Hmm. Ok. There's glue on my fingers, on my jeans, on my kitchen table... everywhere except the detached bit of scroll, in fact. Oops. I was expecting consistency more like cement? Spakfilla? You know, MOULDABLE, not "Hi, I'm REALLY sticky adhesive and I'm now going to coat every surface in sight!!!"

 I mentioned my fingers, right? MMmhm, now they're sticking together. I run to the sink, but water only makes the glue go off faster. This is good, since it's not so sticky anymore, but I can now feel that four of my finger are effectively COATED in the stuff and THAT feels like rubber bands tied around each finger (no circulation).
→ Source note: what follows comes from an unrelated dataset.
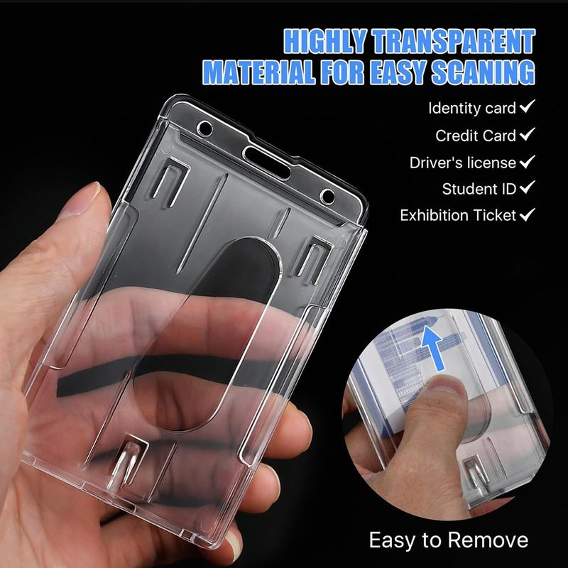 - Dubbele horizontale sleuven accepteren twee standaard 86 × 54 mm kaarten (ID + toegang, reispas + personeelsbadge)

A panic-stricken few minutes later, I have nail varnish remover. Unfortunately, it's the gentle, non drying stuff, making it relatively ineffective against my good friend super glue. I wound up basically moving bits of my skin back and forth until the glue crackled and then flaking it off. And feeling very weird and light-headed all afternoon - possibly from the fumes, possibly the rampant chemicals being sucked through my fingertips and into my bloodstream.

AND, to add insult to injury (really STICK it to me, as it were), my lovely husband (after piecing the white smears on the table *thankfully gone now, my obsessive peering at my fingers, and the violin in two pieces together....) declared "Oh, you should have used PVA."
Dammit. I wish he'd asked me why I wanted the super glue in the first place.  Because, you know, enriching as the experience of sicking my fingers together and hallucinating all afternoon WAS, I'm sure I could have done better things with those brain cells. Thanks.

I should also mention that I am now in concert-aftermath mode. This mostly involves feeling like I have glandular again. And I will reconnect my fingers to laptop and actually compose paragraphs of edification amusement random.